Durante siglos, la Inquisición
fue, también, como hoy los talibán, una organización terrorista dedicada a
interpretar perversamente textos sagrados que deberían merecer el respeto
de quien en ellos decía creer, un monstruoso connubio pactado entre la Religión
y el Estado contra la libertad de conciencia y contra el más humano de los
derechos: el derecho a decir no, el derecho a la herejía, el derecho a escoger
otra cosa, que sólo eso es lo que la palabra herejía significa.
Y, con todo, Dios es inocente.
Inocente como algo que no existe, que no ha existido ni existirá nunca, inocente
de haber creado un universo entero para colocar en él seres capaces de cometer
los mayores crímenes para luego justificarlos diciendo que son celebraciones
de su poder y de su gloria, mientras los muertos se van acumulando, estos
de las torres gemelas de Nueva York, y todos los demás que, en nombre de un
Dios convertido en asesino por la voluntad y por la acción de los hombres,
han cubierto e insisten en cubrir de terror y sangre las páginas de la Historia.
Los dioses, pienso yo, sólo existen en el cerebro humano, prosperan o se deterioran
dentro del mismo universo que los ha inventado, pero el `factor Dios´, ese,
está presente en la vida como si efectivamente fuese dueño y señor de ella.
No es un dios, sino el `factor Dios´ el que se exhibe en los billetes de dólar
y se muestra en los carteles que piden para América (la de Estados Unidos,
no la otra...) la bendición divina.
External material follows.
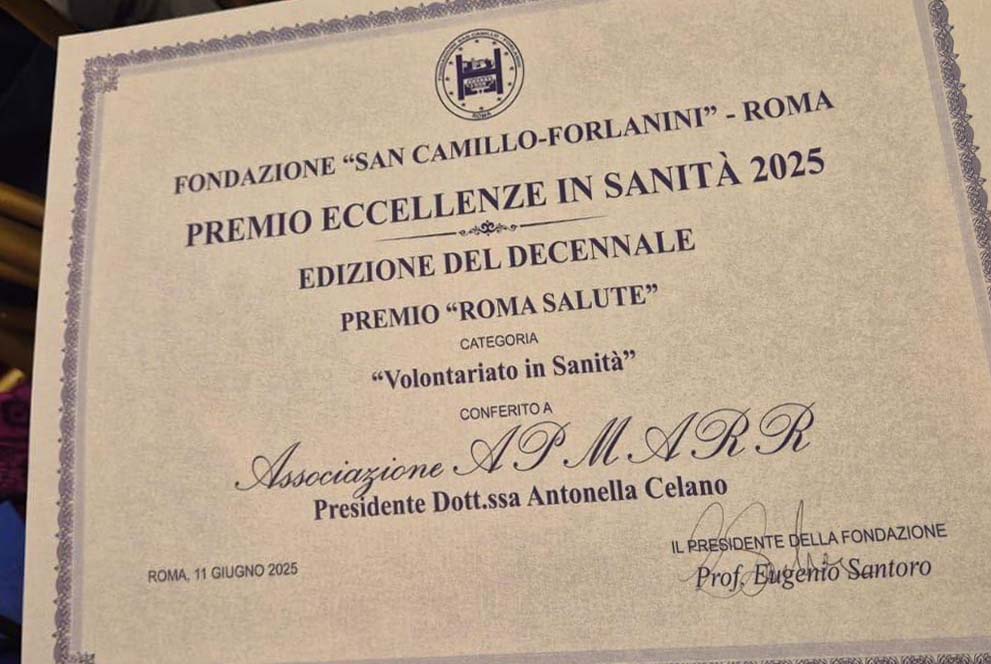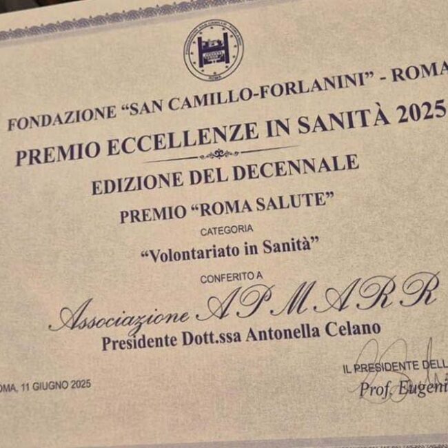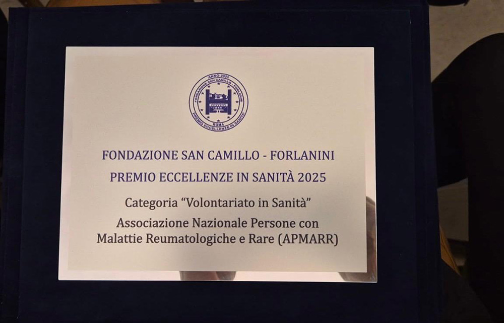 APMARR – Associazione Nazionale Persone con Malattie Reumatologiche e Rare APS ETS, l’associazione pazienti che opera, a livello nazionale, per la tutela e la difesa del diritto alla salute delle persone affette da patologie reumatologiche e rare, ha conquistato il premio “Eccellenze in Sanità 2025” nella sezione “Roma Salute” per la categoria “Volontariato in Sanità”. Il prestigioso riconoscimento, giunto alla sua decima edizione, è stato assegnato dalla Fondazione “San Camillo – Forlanini” di Roma presieduta dal Prof. Eugenio Santoro su indicazione del proprio comitato scientifico, diretto dal Prof. Giovanni Minisola ed è stato consegnato e ritirato direttamente da Antonella Celano, presidente APMARR nel corso di una cerimonia celebrativa che si è svolta a Roma in Campidoglio presso la Sala della Protomoteca. L’evento di premiazione si è fregiato dell’adesione del Presidente della Repubblica Sergio Mattarella ed è stato condotto e presentato da Livia Azzariti. APMARR – Associazione Nazionale Persone con Malattie Reumatologiche e Rare APS – ETS è un’Associazione di Promozione Sociale che, da oltre 40 anni, è impegnata, sul territorio nazionale, nella tutela e nella difesa del diritto alla salute delle persone con patologie reumatologiche e rare, perseguendo la sua mission che è quella di migliorare la qualità dell’assistenza per migliorare la qualità della vita. Inoltre, da alcuni anni APMARR dedica gran parte della propria attività alle patologie reumatologiche in età pediatrica. Si propone, inoltre, come operatore di advocacy, affinché le persone affette da tali patologie, altamente invalidanti se non diagnosticate e curate precocemente, trovino il giusto riconoscimento, l’appropriata dignità e la necessaria attenzione da parte delle autorità sanitarie, della società civile, dell’opinione pubblica e della classe politica. In Italia sono oltre 5 milioni le persone con malattie reumatologiche, quasi il 10% della popolazione italiana, di cui circa 700mila con patologie severe che ne compromettono fortemente la qualità della vita.
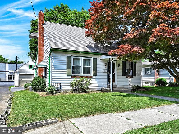 Close to Rails to Trails! Cute 2 bedroom, 1 bath Cape Cod style home on a quiet street with a nice yard and mature trees. Country kitchen with a large breakfast nook equipped with stainless steel appliances. First floor primary bedroom and updated bathroom, living room and dining room with arched openings and hardwood floors. upstairs has 1 bedroom and a bonus space that could be used as a great office space or additional bedroom. Lower level has potential for additional family room and bedroom. Laundry room in lower level with front loader washer and dryer. Central Air and heat, natural gas. Two + car detached garage with attic space and 2 parking spaces behind the house. Short walking distance to the rails to trails system. Being sold AS IS.

Y fue en el `factor Dios´ en lo que se
transformó el dios islámico que lanzó contra las torres del World Trade Center
los aviones de la revuelta contra los desprecios y de la venganza contra las
humillaciones. Se dirá que un dios se dedicó a sembrar vientos y que otro
dios responde ahora con tempestades. Es posible, y quizá sea cierto. Pero
no han sido ellos, pobres dioses sin culpa, ha sido el `factor Dios´, ese
que es terriblemente igual en todos los seres humanos donde quiera que estén
y sea cual sea la religión que profesen, ese que ha intoxicado el pensamiento
y abierto las puertas a las intolerancias más sórdidas, ese que no respeta
sino aquello en lo que manda creer, el que después de presumir de haber hecho
de la bestia un hombre acabó por hacer del hombre una bestia.
Al lector creyente (de cualquier
creencia...) que haya conseguido soportar la repugnancia que probablemente
le inspiren estas palabras, no le pido que se pase al ateísmo de quien las
ha escrito. Simplemente le ruego que comprenda, con el sentimiento, si no
puede ser con la razón, que, si hay Dios, hay un solo Dios, y que, en su relación
con él, lo que menos importa es el nombre que le han enseñado a darle. Y que
desconfíe del `factor Dios´. No le faltan enemigos al espíritu humano, mas
ese es uno de los más pertinaces y corrosivos. Como ha quedado demostrado
y desgraciadamente seguirá demostrándose.